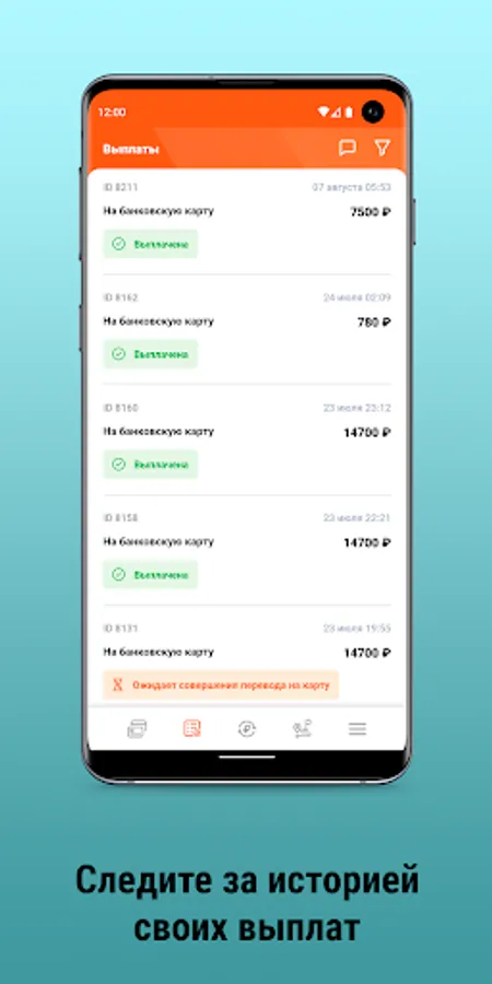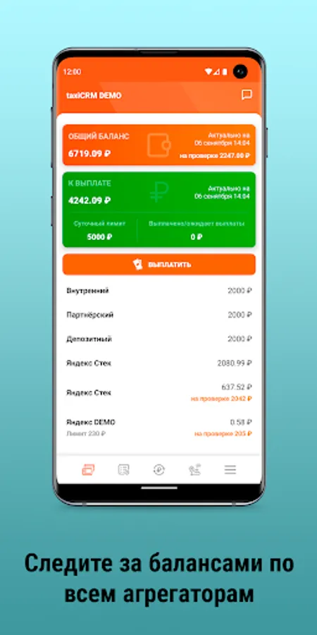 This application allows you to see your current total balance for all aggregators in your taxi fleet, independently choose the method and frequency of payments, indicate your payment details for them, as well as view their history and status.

...

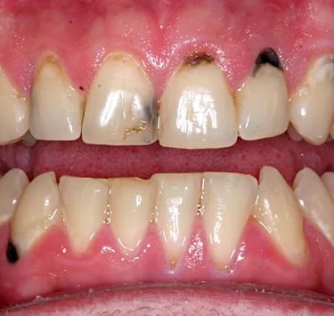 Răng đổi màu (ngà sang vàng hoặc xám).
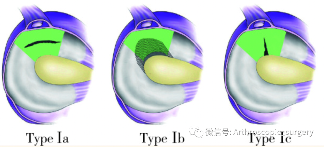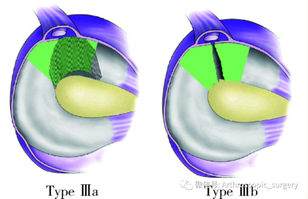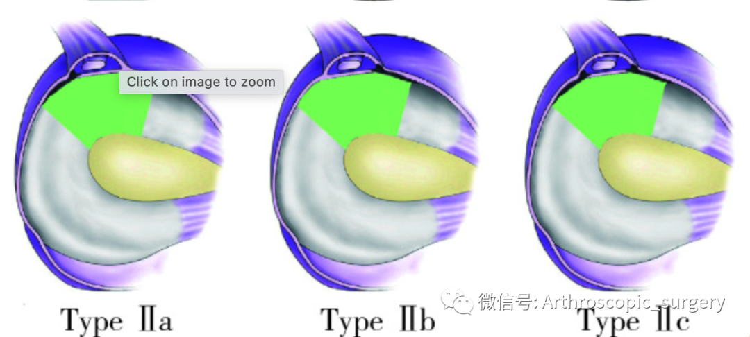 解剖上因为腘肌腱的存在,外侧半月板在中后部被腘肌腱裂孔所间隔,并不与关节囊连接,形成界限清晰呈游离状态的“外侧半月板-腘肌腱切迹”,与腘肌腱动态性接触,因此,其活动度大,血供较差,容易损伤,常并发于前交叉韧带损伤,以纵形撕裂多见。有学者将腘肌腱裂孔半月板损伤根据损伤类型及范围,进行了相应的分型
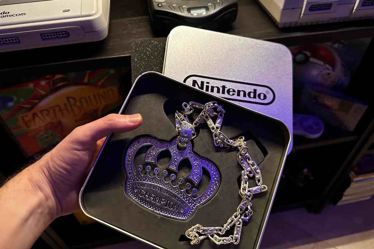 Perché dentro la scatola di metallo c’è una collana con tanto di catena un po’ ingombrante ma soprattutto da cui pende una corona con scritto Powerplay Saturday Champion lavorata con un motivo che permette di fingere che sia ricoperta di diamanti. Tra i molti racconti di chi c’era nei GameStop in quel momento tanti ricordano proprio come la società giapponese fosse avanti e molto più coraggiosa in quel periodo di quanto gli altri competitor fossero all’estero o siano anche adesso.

### TO DO
Would you output only the span of the records above that opens with the line containing "Răng đổi màu (ngà sang vàng hoặc xám)." and closes with the line containing "解剖上因为腘肌腱的存在,外侧", ends included and pictures dropped?

### TASK SOLUTION
 Răng đổi màu (ngà sang vàng hoặc xám).
 解剖上因为腘肌腱的存在,外侧半月板在中后部被腘肌腱裂孔所间隔,并不与关节囊连接,形成界限清晰呈游离状态的“外侧半月板-腘肌腱切迹”,与腘肌腱动态性接触,因此,其活动度大,血供较差,容易损伤,常并发于前交叉韧带损伤,以纵形撕裂多见。有学者将腘肌腱裂孔半月板损伤根据损伤类型及范围,进行了相应的分型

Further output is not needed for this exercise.